In the first test, provirus in the cells was reduced by 50% (since both defective and intact HIV provirus is attacked). However, when the cells are allowed to grow, there was no decrease in the amount of infectious virus produced. (In a human being, this would mean that the virus would rebound and viral load would increase just as quickly in a treated person as an untreated one.) The team repeated the study with a stronger latency reducing agent (one too toxic for human use), but it still did not reduce production of infectious virus. The team has repeated these tests with different CTLs and latency reducing agents, and there is never a reduction in infectious virus produced – sometimes the trend is for an increase.
Although this approach will not lead to a functional cure, Dr. Jones and his colleagues speculate that since the immune system responds to defective provirus, it may contribute to inflammation and comorbidity. Reducing the proviral load in the body might reduce inflammation, improving health and quality of life for people with HIV. He will continue to study this phenomena, as well as pursuing a functional cure.
The BELIEVE Collaboratory
Douglas Nixon, of George Washington University, provided an overview of his newly funded initiative, BELIEVE – Bench to Bed Enhanced Lymphocyte Infusions to Engineer Viral Eradication. This is one of six Martin Delaney Collaboratories funded by the National Institutes of Health. Each collaboratory brings together resources from the public and private sectors to focus on developing a cure for HIV.
The Martin Delaney program is a unique funding mechanism that involves a more dynamic partnership with government. Resource allocations can change throughout the life of the project, and there is regular weekly communication with the funder. There is also a strong emphasis on community engagement.

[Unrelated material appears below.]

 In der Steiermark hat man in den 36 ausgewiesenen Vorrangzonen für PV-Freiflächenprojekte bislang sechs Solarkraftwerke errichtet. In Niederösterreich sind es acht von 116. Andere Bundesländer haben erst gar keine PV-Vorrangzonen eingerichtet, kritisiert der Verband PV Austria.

In addition to the community advisory committee, at least one community member is part of the steering committee that guides the entire BELIEVE project. The community advisory committee will help link the study to those living with HIV in Washington, DC, which has one of the worse epidemics in the US, with 13,000 – 16,000 HIV-positive people. In disadvantaged parts of the city, HIV infection levels are similar to sub-Saharan Africa. The community engagement committee will be focused on three primary domains of concern:
- practical facets of recruiting participants
- education, outreach and engagement to build foundation for eventual testing and scale up
- study ethics.
Although the study is based in DC, research partners are engaged across the US, as well as in Toronto and Vancouver, with additional partners in Brazil and Mexico. Corporate partners include Altor BioScience and Torque, both biotech companies interested in enhanced immune control of HIV.
BELIEVE research goals:
- Expand the knowledge base on HIV latency and the persistence of HIV in people on ARV.

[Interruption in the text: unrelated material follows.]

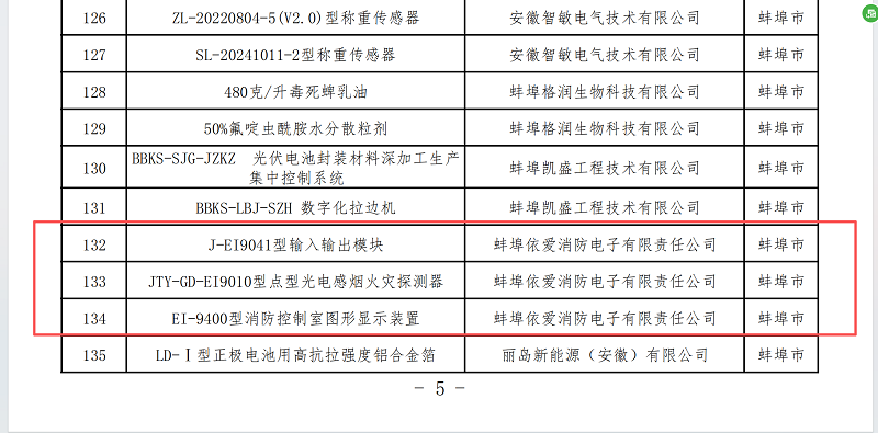 近日,安徽省工業(yè)和信息化廳正式公示了《安徽省新產(chǎn)品(2025年第三批)擬確認(rèn)名單》。經(jīng)過各地推薦、專家評審和廳長辦公會審議,蚌埠依愛消防電子有限責(zé)任公司的J-EI9041型輸入輸出模塊、JTY-GD-EI9010型點型光電感煙火災(zāi)探測器和EI-9400型消防控制室圖形顯示裝置三項創(chuàng)新產(chǎn)品成功入選,標(biāo)志著公司在智慧消防與電子技術(shù)領(lǐng)域的研發(fā)實力再獲權(quán)威認(rèn)可。

- Design and evaluate innovative cure strategies that enhance a person’s immune system to eradicate viral reservoirs.
- Translate findings to a clinical setting.

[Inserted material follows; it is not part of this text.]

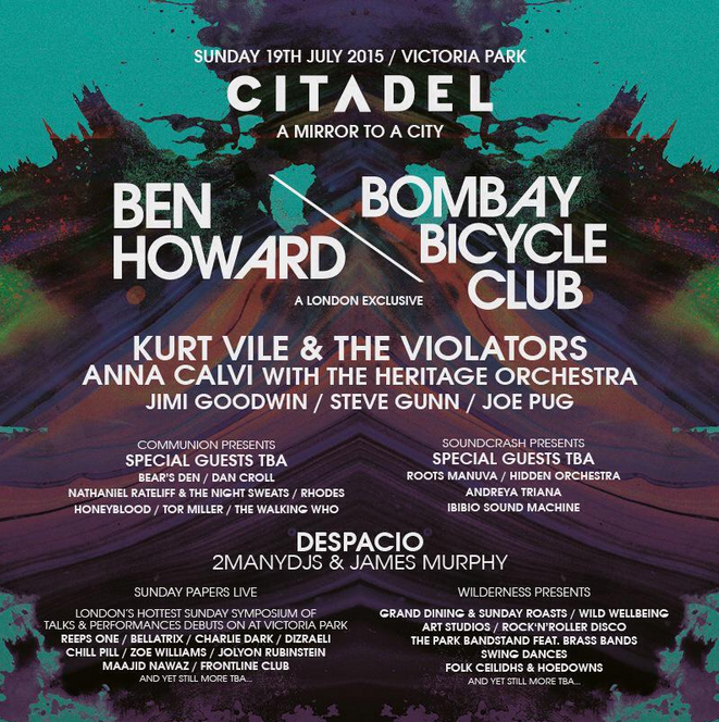 Topping the bill are two of the UK’s biggest acts, in the form of the chart/arena conquering folk hero Ben Howard, and critically acclaimed, award winning quartet Bombay Bicycle Club, who will play their only London performance of 2015 at Cita-del. Furthermore, there’s an impressive slew of other artists which make Citadel one of the most important and exciting musical happenings of the year.

In the first phase, BELIEVE investigators will collect cells through leukophersis from donors and conduct viral sequencing and HLA typing. The researchers will then select HIV-specific T-cells and modify them with conserved epitope targeting to improve their anti-HIV function. After evaluating these enhanced cells in the laboratory, the eventual goal is to reinfuse the cells back to the original donors in the hope that the cells will work better and will help flush out the viral reservoir within the body.
Douglas Nixon also spoke briefly about his interest in the idea of precision cures (Nixon et al, 2016). This is a provocative idea that means selecting patients who might be more “curable” for therapy. Patients would be screened to identify those who might have lower viral reservoirs or other immune advantages that could lead to remission of HIV infection (control of HIV with antiretroviral drugs).